Phil - Yes, many settlements around Moresby are constructed of lean-tos from scavenged materials and the living conditions would make most westerners look aghast.

But there is a thriving social community in most settlements - provincial groups tend to come together for support, help each other out, and there are schools, clinics, churches and decent houses in some (e.g., the Don Bosco complex near Kaugere).

There is time for mumus and cultural celebrations, playing with the kids, going on outings and seeking to find ways to improve life.

The answer isn't to 'raze the settlements' in some Draconian manner, but to build some decent infrastructure for them (roads, water, power) help improve the standard of housing.
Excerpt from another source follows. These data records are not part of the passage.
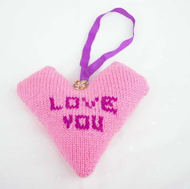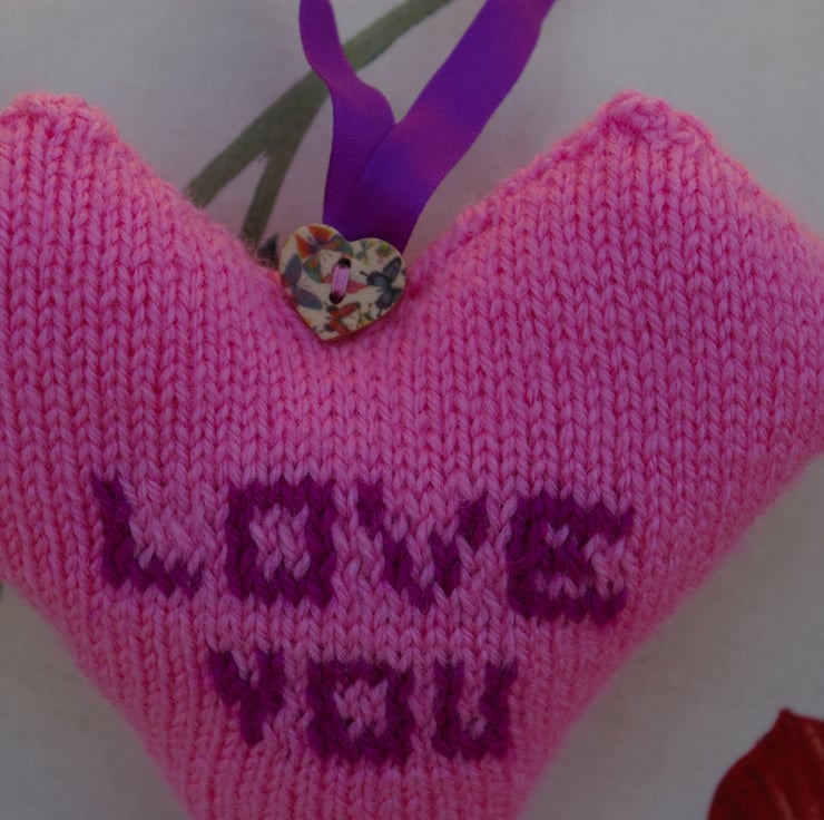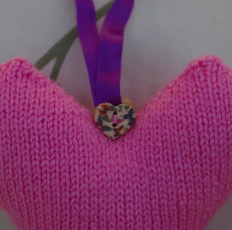 A hand knitted heart decoration in pinks. Very special little gift to say love you that can be hang from a door handle. This heart sends a special message to a loved one whether it’s to a valentine sweet heart or a family member who needs a hug. The heart has been knitted in 100% Acrylic yarns. Then stuffed with polyester hollow fibres which have been treated with an anti allergy treatment. It is hung with a purple ribbon and decorated with two heart wooden buttons.
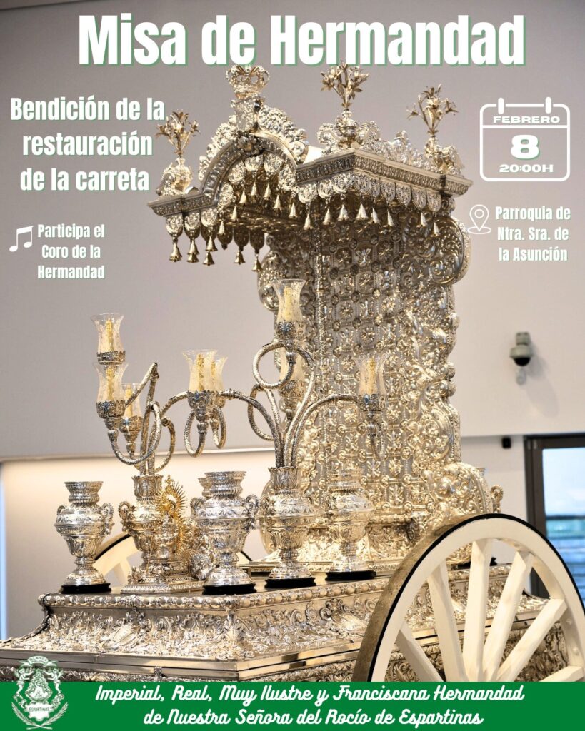El próximo sábado 8 de febrero, a las 20:00h, celebraremos Misa de Hermandad en la Parroquia Asuncion Espartinas Pero será muy especial porque aprovecharemos para la bendición de la restauración de la carreta de plata, que estará expuesta para que pueda ser contemplada por todos los hermanos y devotos. Acompañará con sus cantes el Coro de la Hermandad de Ntra. Sra. del Rocío de Espartinas.
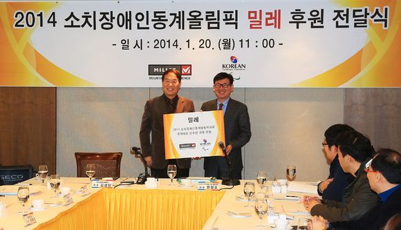 프랑스 정통 아웃도어 브랜드 밀레(㈜MEH)의 한철호 대표이사가 2014 소치 장애인 동계 올림픽 대회를 공식 후원하는 동시에 대한장애인체육회로부터 선수단장으로 임명돼 20일 중구 프레스센터에서 후원 전달식을 가졌다.
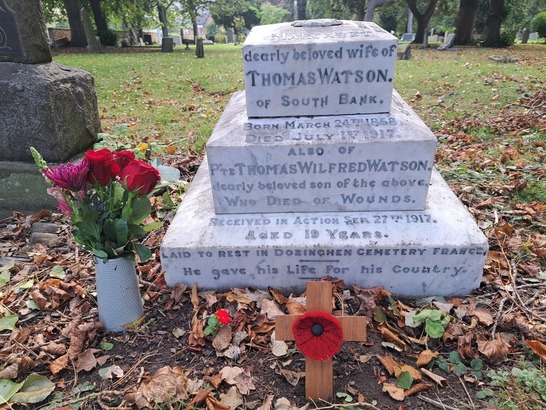 ... Also of Pte Thomas Wilfred Watson dearly beloved son of the above who died of wounds received in action Sep. 27th 1917. Aged 19 years. Laid to rest in Dozinghem cemetery France He gave his life for his country
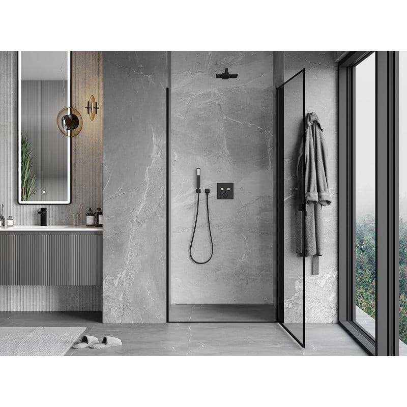 Specifikace produktu: Rozměr: 100x200 cm Strana montáže: Pravá Vchod: Výklopný Barva skla: Černý rám Povrchová úprava: Černá Profil: Hliník Typ skla: Tvrzené Tloušťka skla: 6 mm Povrchová úprava pro snadné čištění Nastavitelná šířka Možnost montáže na sprchovou vaničku nebo dlaždice Mechanismus zvedání a spouštění dveří Magnetický proužek a elastomerové těsnění pro odtok vody Hliníkový práh těsnění dveří
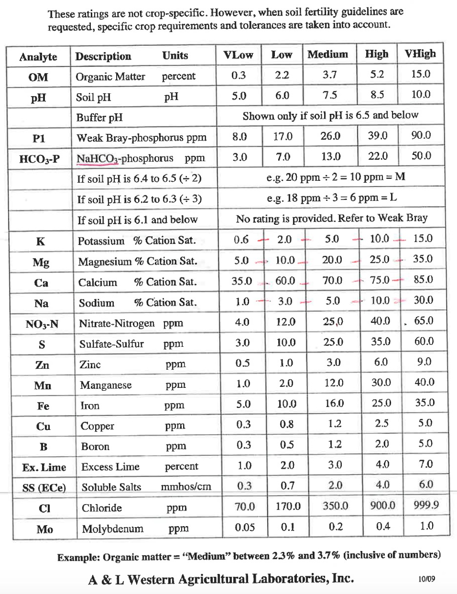 Use the guidelines below to guide the interpretation of your soil test report. Note, interpretation guidelines change as new research findings become available. The interpretation guidelines below are excepted from a document that used to be publicly available from the A&L laboratories website. Current interpretation guidelines used by commercial laboratories may have changed.
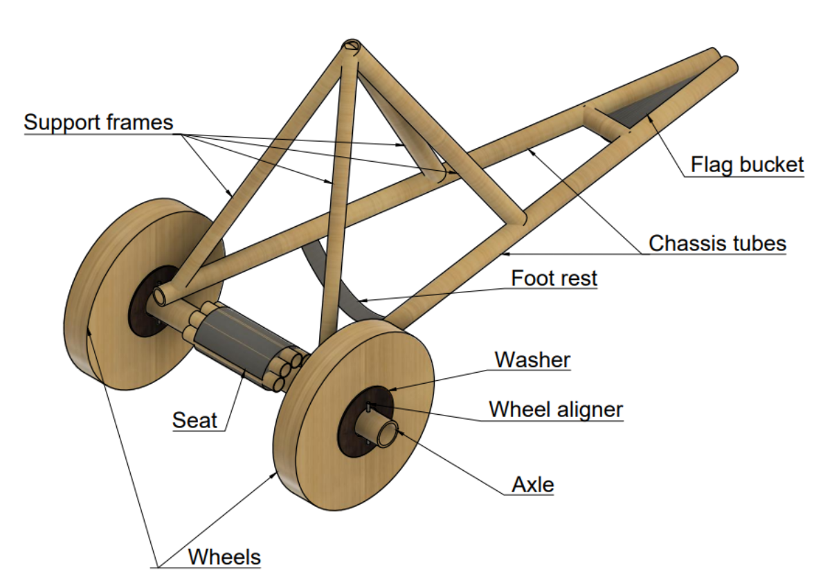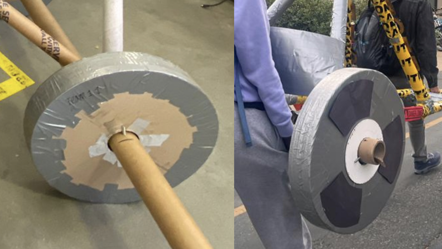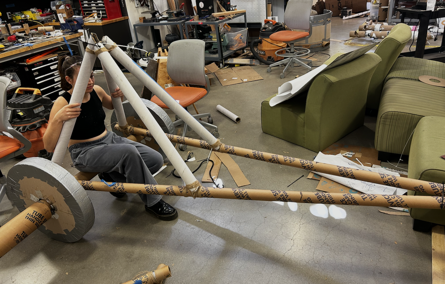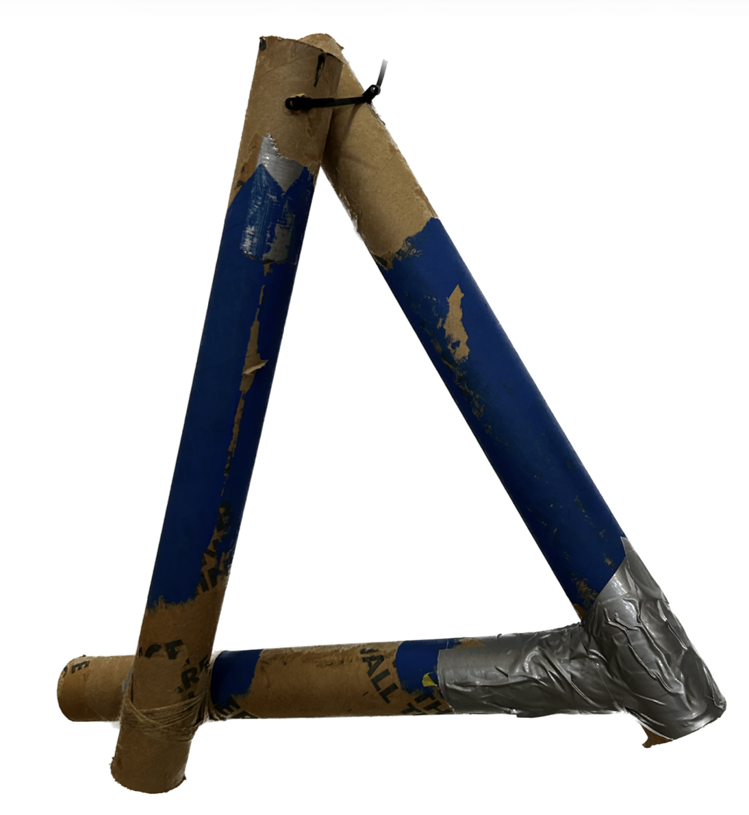 Materials were sourced entirely through scavenging, pulling cardboard boxes from bike shops, tubes from rug stores and fabric suppliers, and shared shop supplies. Wheels were laser-cut into semi-circles, layered 25 deep with offset seams, and wood-glued together. Frame joints used a four-step binding method: zip tie, lashing, wood glue, then duct tape, developed through systematic prototype testing of each method independently.
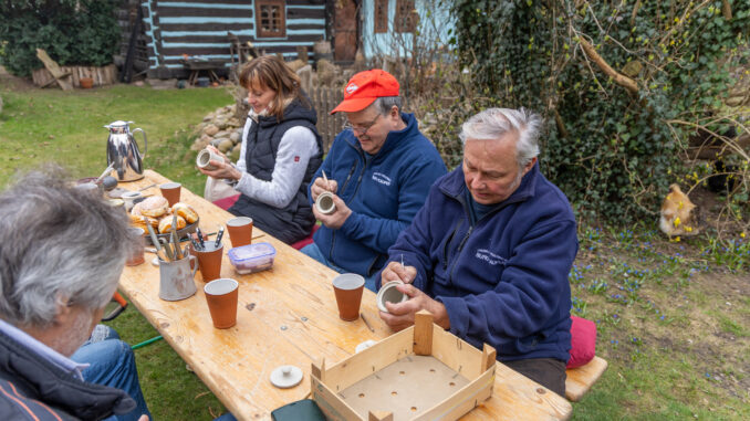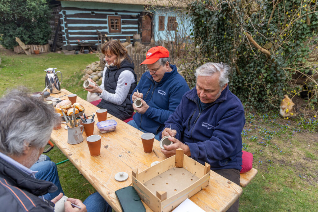 Bei der Woklapnica im Januar wurde vom Burger Bürgermeister Bernd Ragotzky angeregt, dass verdienstvolle Bürger nicht nur eine Ehrenurkunde bekommen, sondern auch beim Osterbrand ihren Namen auf einem keramischen Produkt ihrer Wahl – im wahrsten Sinne des Wortes- einbrennen lassen dürfen. Bernd Ragotzky dankte damit Heike Budarick für ihre Tätigkeit in der Kinderturngruppe, Fritz Matschenz und Rolf Zimmermann vom Förderverein Feuerwehr Burg-Kauper. Alle drei trafen sich in der Burger Töpferei, um unter Anleitung von Ilona Möbert, bei Kaffee und Kuchen, ihre Keramikgefäße zu gestalten. Die Osterfeuertradition erfährt so eine Aufwertung, ganz im Sinne des Nachhaltigkeitsgedankens. Mit Spannung wird dem Entnehmen der Produkte entgegengesehen. Doch vorher wird das Feuer erst mal auflodern müssen. Im Beisein vieler Osterurlauber wird es auf dem Kneipp-und Erlebnis-Campingplatz an den Spreewaldfließen entfacht werden.

Maybe by providing cheap loans for local housing co-ops - sort out a deal with the traditional owners for fair use of the land, and encourage community development - like Lydia's school is doing.

I have often been invited to events in the midst of settlements and met with great generosity, kindness and a community-sharing of resources which is unlikely to happen in a westernised suburb.

There are also some settlements which are gradually being transformed into decent places to live - such as ATS, the outskirts of Morata, 2 Mile etc.

My bro is building a house for the family at ATS after he was assured of permanent tenure by the local Koari landowners. It will have power and water and will be decent accommodation for families.

Surely this would be a worthwhile use of the windfall millions coming into PNG because of the mining, gas and other resource developments?

What's needed are a few decent leaders (like Parkop and Kidu) with the foresight and vision to make it so.